Third homotopy group of quotient space

Question

The third homotopy group $\pi_3(G)$ of a compact connected simple Lie group $G$ is

$$\pi_3(G)=Z.$$

What if $G$ is not a Lie group but a quotient space of two Lie groups, $G/H$?

I know that if a space is compact, then so are all its quotient spaces. Moreover, if a space is connected, then so are all its quotient spaces. Does this mean that if $G$ is a compact connected simple Lie group with $\pi_3(G)=Z$, then $\pi_3(G/H)=Z$ is also given?

Edit in response to the comment by Arnaud Mortier:

I am especially interested in the case where $G$ is a direct product of two simple Lie groups $G'$, such as $G= G'\times G' = SU(3)\times SU(3)$. Algebraically, the special unitary group $SU(3)$ is a simple Lie group, meaning that its Lie algebra is simple. We know that $\pi_3(SU(3))=Z$. Let us consider the exemplary case where $H=SU(2)\times SU(2)\times U(1)$. Do we get

$$\pi_3(G/H)=\pi_3(G)=\pi_3(SU(3)\times SU(3))=\pi_3(SU(3))\times\pi_3(SU(3))=Z\times Z?$$

Answer 1

No. Looking at the relevant part of the long exact sequence on homotopy groups, we have an exact sequence $$\pi_3(H)\to\pi_3(G)\to \pi_3(G/H)\to \pi_2(H).$$ Since $\pi_2(H)$ is trivial ($\pi_2$ of any Lie group is trivial), this means $\pi_3(G/H)$ will be isomorphic to $\pi_3(G)$ iff the image of $\pi_3(H)$ in $\pi_3(G)$ is trivial.
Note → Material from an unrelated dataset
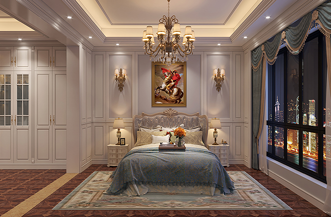 各種到頂柜體設計,既有掩門設計的儲物柜,又有開放式的儲物格,想要怎么收納就怎么收納。墻邊掛上描金邊框的掛畫,餐桌椅線條簡潔嚴謹,外形厚重端莊,流露出尊貴的皇室風情和文藝氣息。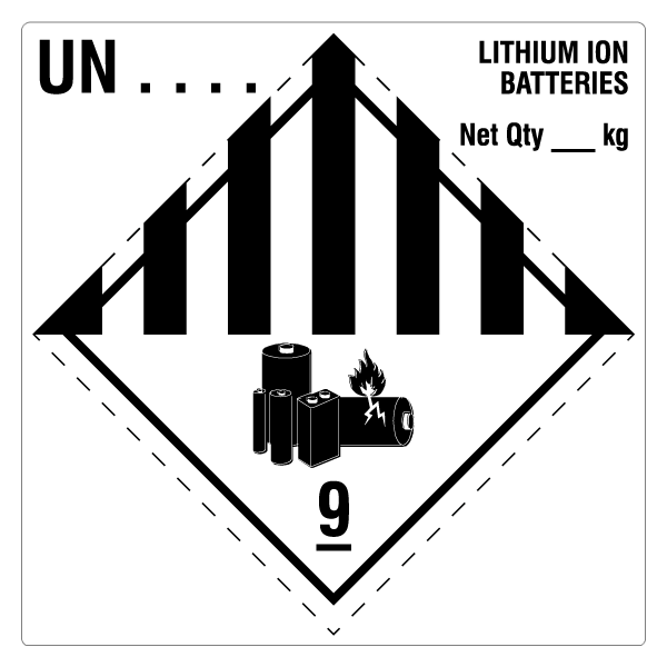 Gefahrzettel mit Versandbezeichnung (Lithium-Ionen-Batterien), UN-Nummer und Nettomenge für alle Verkehrsträger

So for instance, taking $G=SU(3)$ and $H=SU(2)$, $\pi_3(H)\cong\mathbb{Z}$ and the map $\pi_3(H)\to \pi_3(G)$ is an isomorphism, so $\pi_3(G/H)$ will be trivial rather than $\mathbb{Z}$ (in fact $G/H\cong S^5$ in that case since $H$ is exactly the stabilizer of a point in the usual action of $G$ on $\mathbb{C}^3$, so the quotient is the orbit of a point which is $S^5$).

Answer 2

Eric's answer is fine, but a bit more can be said. Mainly, it is very rare for $\pi_3(G/H)$ to be isomorphic to $\mathbb{Z}$!

Proposition: Suppose $H\subseteq G$ are compact Lie groups and $H$ is non-abelian. Then $\pi_3(G/H)$ has smaller rank than $\pi_3(G)$.

In particular, if $G$ is simple and $H$ is non-abelian, then $\pi_3(G/H)$ is a finite cyclic group. (On the other hand, if $H$ is abelian, then the long exact sequence in Eric's answer shows that $\pi_3(G/H)$ is canonically isomorphic to $\pi_3(G)$.)

So, why is the proposition true? The key term in the Dynkin index (see https://mathoverflow.net/questions/90124/3rd-homotopy-group-of-a-compact-simple-lie-group).

In more detail, the universal cover of $H$ splits as $\mathbb{R}^n\times H_1\times ... \times H_k$ where each $H_i$ is a compact simply connected simple Lie group. The assumption that $H$ is non-abelian implies that $k\geq 1$. Consider the induced map $H_1\rightarrow H\rightarrow G$ where the first map is the restriction of the covering projection to $H_1$. Since $H_1$ is simple, this gives an induced map $\mathbb{Z}\cong \pi_3(H)\rightarrow \pi_3(G)\cong \mathbb{Z}^s$, where $s$ is the number of (non-abelian) simple factors in the universal cover of $G$. If this map is non-trivial, it follows that the map $\pi_3(H)\rightarrow \pi_3(G)$ is non-trivial, which would then prove the proposition.

But why is this map non-trivial? Well, the map on $\pi_3$ induced by an inclusion of a simple Lie group into another simple group is known as they Dynkin Index. It can be computed in terms of the restriction of the Killing form on $G$ to that of $H$, an in particular, is known to always be a positive integer.